━━━ Input ━━━

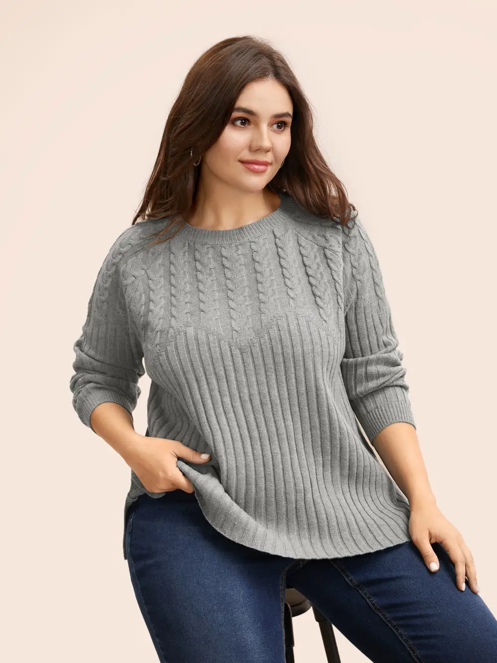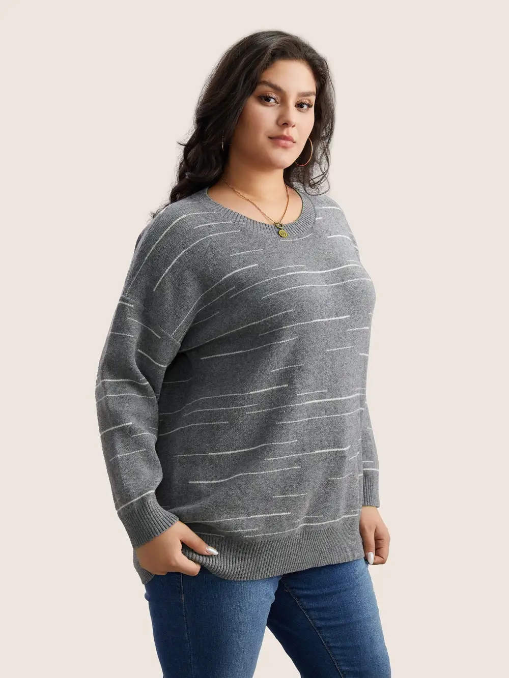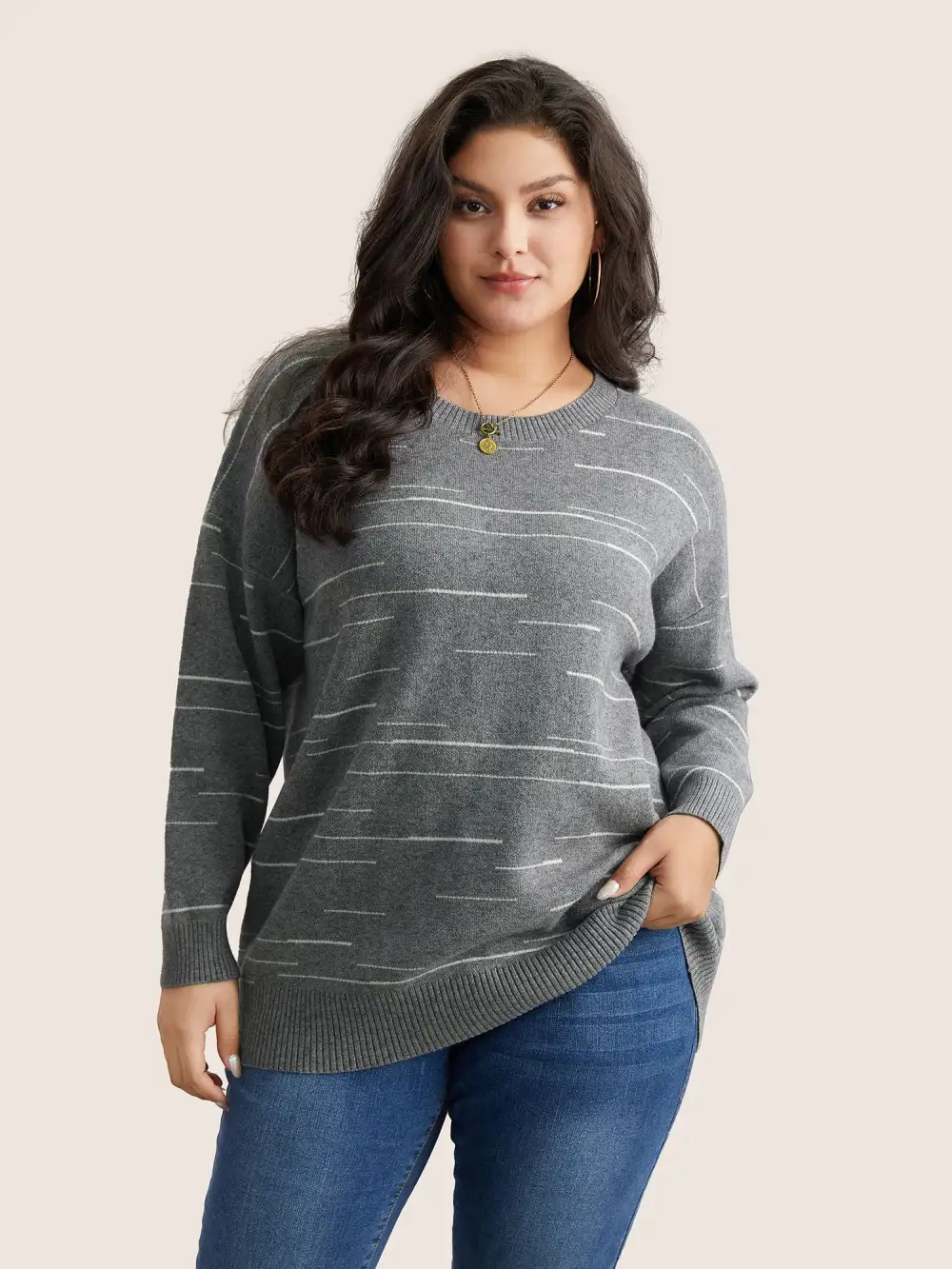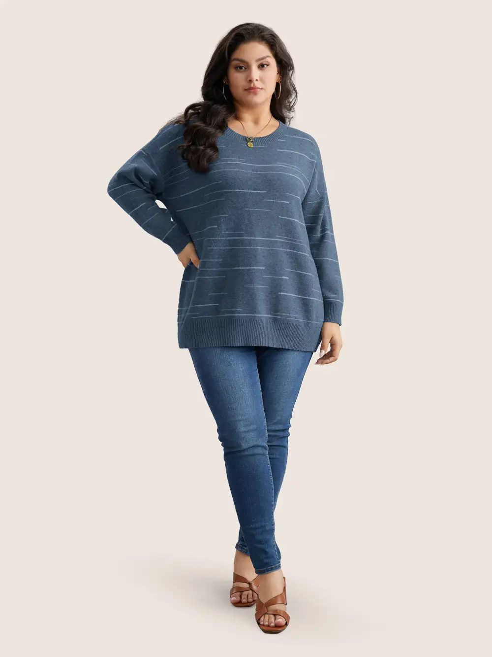 Supersoft Essentials Asymmetrical Striped Round Neck Pullover
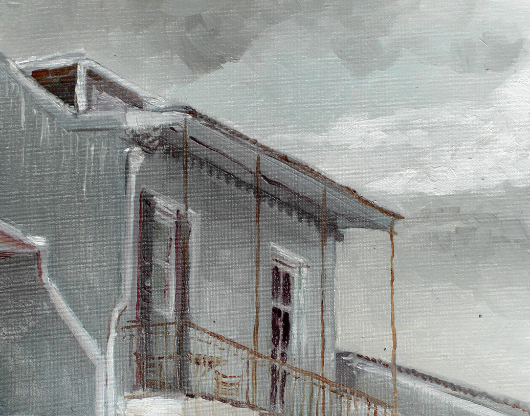 Today I really wanted to try my hand at oil painting again… but the weather didn’t exactly want to cooperate. It was cloudy and sprinkling on and off all day, so my choice of location was mostly dictated by wanting to be sheltered from the rain.
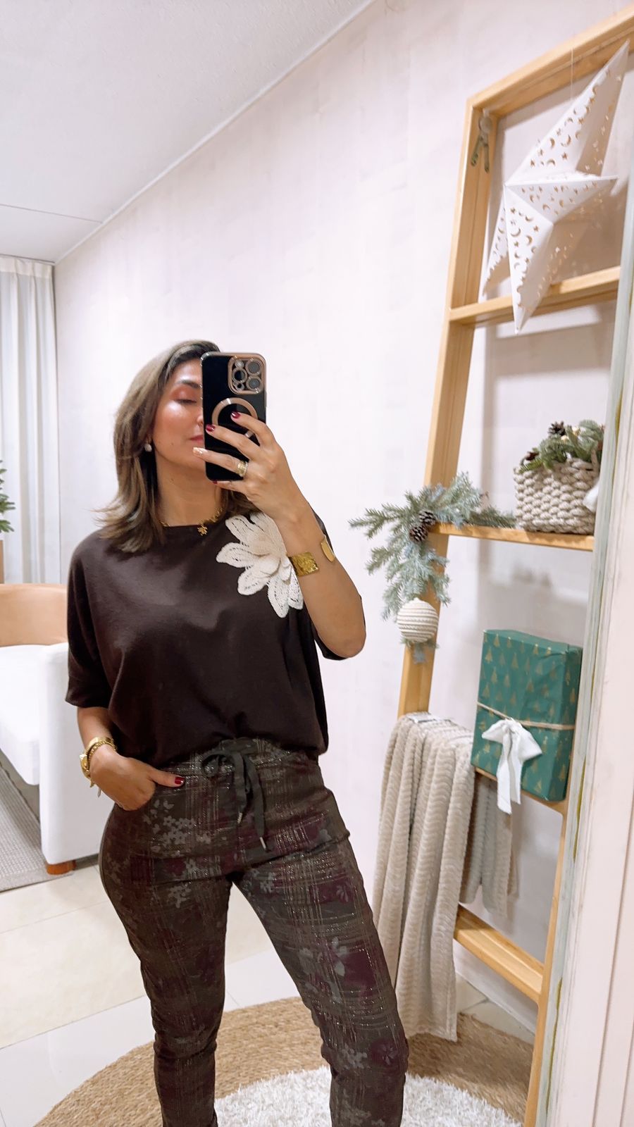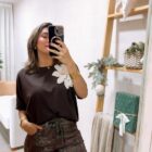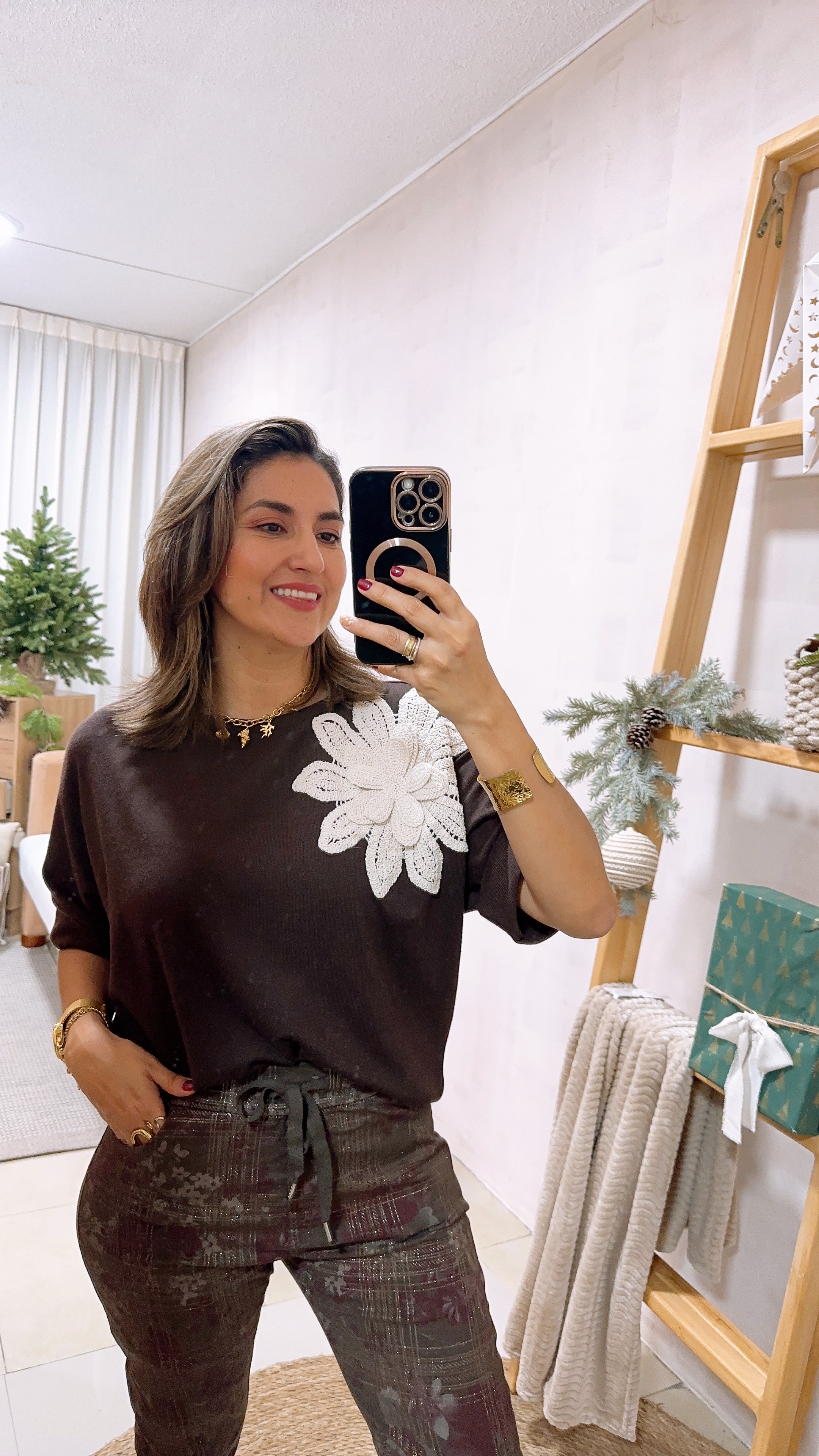 Blusa manga kimona cuello redondo y doblez en manga. Cuenta con un detalle de flor tejida en crochet.
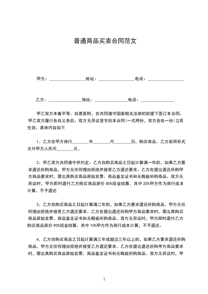 1、乙方在甲方商行________年________月________日,购买商品。乙方采用形式支付甲方人民币________元。
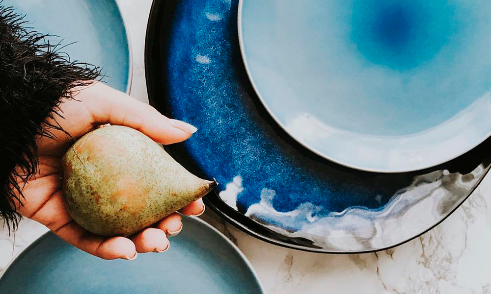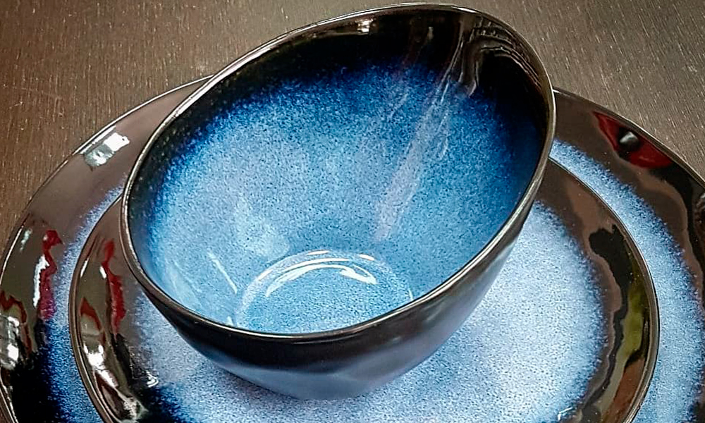 Особенностью одной из новых коллекций молодого бренда является необычная расцветка, ассоциирующаяся с блеском и роскошью драгоценного алмаза. Она создана лучшими дизайнерами, черпающими вдохновение из окружающего мира. Глубокий и очень насыщенный синий оттенок, преобладающий по кромке, постепенно светлеет к центру изделий. Это добавляет шарма сервировке и загадочности блюдам. Посуда напоминает природный камень не только визуально, но и тактильно, чему способствует шероховата и грубоватая поверхность керамики
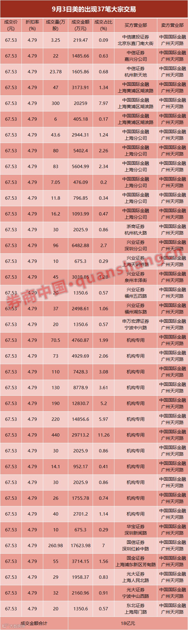 值得注意的是,9月3日,美的集团突然又出现了37笔大宗交易,成交量高达2682.26万股,成交价均为67.53元,折价率为4.79%,卖方全部为中国国际金融广州天河路营业部,买方中有12家机构账户,其他为营业部账户,机构账户共买了9.27亿元。
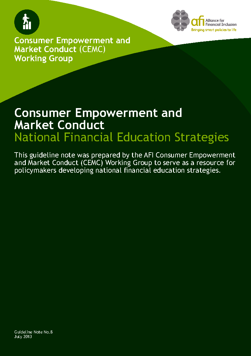 This guideline note was prepared by the AFI Consumer Empowerment and Market Conduct (CEMC) Working Group to serve as a resource for policymakers developing national financial education and literacy strategies.
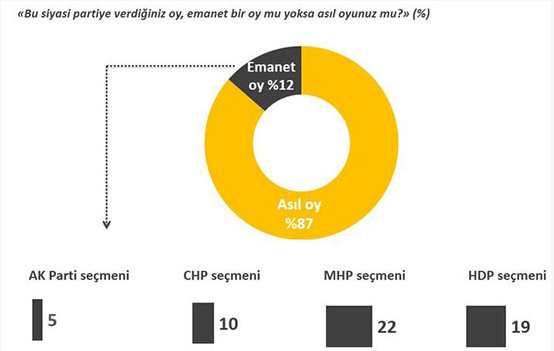 MHP’ye oy veren her 100 kişiden 22’si oyunun emanet olduğunu ifade etti.
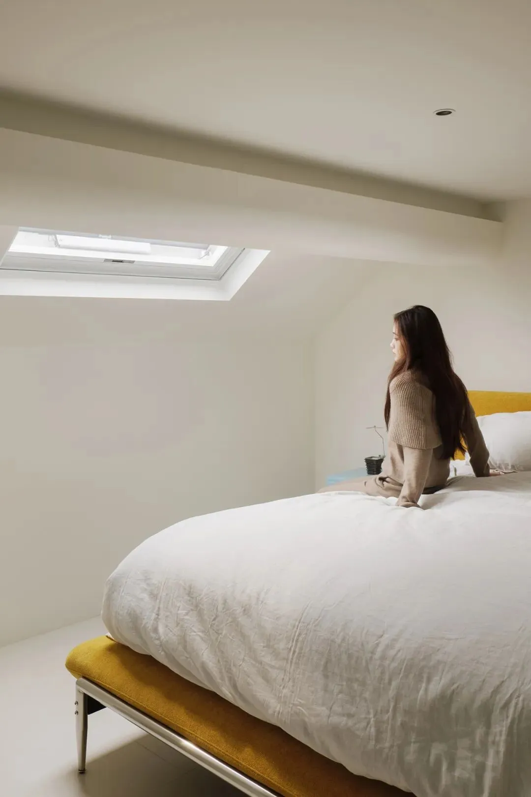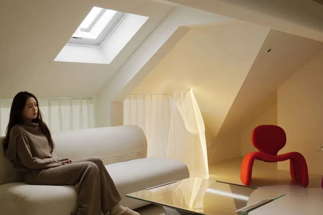 公共区保留着开放的格局,不同质感的家具能根据需求自由重组,当她躺在沙发上,透过天窗凝视真实的星空时,楼下父母生活产生的轻微震动会通过结构传来,就像飞船接收到的来自地球的引力波。
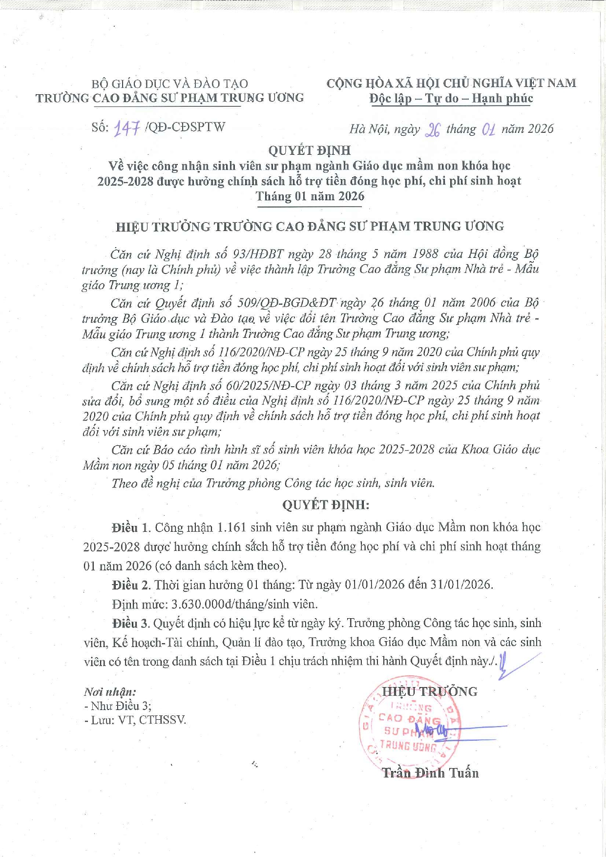 Quyết định Về việc công nhận sinh viên sư phạm ngành Giáo dục mầm non khóa học 2025-2028 được hưởng chính sách hỗ trợ tiền đóng học phí, chi phí sinh hoạt Tháng 01 năm 2026 (Có danh sách kèm theo)

━━━

Extract all the data above exactly, excluding every picture.

▶ _Answer below_
 Supersoft Essentials Asymmetrical Striped Round Neck Pullover
 Today I really wanted to try my hand at oil painting again… but the weather didn’t exactly want to cooperate. It was cloudy and sprinkling on and off all day, so my choice of location was mostly dictated by wanting to be sheltered from the rain.
 Blusa manga kimona cuello redondo y doblez en manga. Cuenta con un detalle de flor tejida en crochet.
 1、乙方在甲方商行________年________月________日,购买商品。乙方采用形式支付甲方人民币________元。
 Особенностью одной из новых коллекций молодого бренда является необычная расцветка, ассоциирующаяся с блеском и роскошью драгоценного алмаза. Она создана лучшими дизайнерами, черпающими вдохновение из окружающего мира. Глубокий и очень насыщенный синий оттенок, преобладающий по кромке, постепенно светлеет к центру изделий. Это добавляет шарма сервировке и загадочности блюдам. Посуда напоминает природный камень не только визуально, но и тактильно, чему способствует шероховата и грубоватая поверхность керамики
 值得注意的是,9月3日,美的集团突然又出现了37笔大宗交易,成交量高达2682.26万股,成交价均为67.53元,折价率为4.79%,卖方全部为中国国际金融广州天河路营业部,买方中有12家机构账户,其他为营业部账户,机构账户共买了9.27亿元。
 This guideline note was prepared by the AFI Consumer Empowerment and Market Conduct (CEMC) Working Group to serve as a resource for policymakers developing national financial education and literacy strategies.
 MHP’ye oy veren her 100 kişiden 22’si oyunun emanet olduğunu ifade etti.
 公共区保留着开放的格局,不同质感的家具能根据需求自由重组,当她躺在沙发上,透过天窗凝视真实的星空时,楼下父母生活产生的轻微震动会通过结构传来,就像飞船接收到的来自地球的引力波。
 Quyết định Về việc công nhận sinh viên sư phạm ngành Giáo dục mầm non khóa học 2025-2028 được hưởng chính sách hỗ trợ tiền đóng học phí, chi phí sinh hoạt Tháng 01 năm 2026 (Có danh sách kèm theo)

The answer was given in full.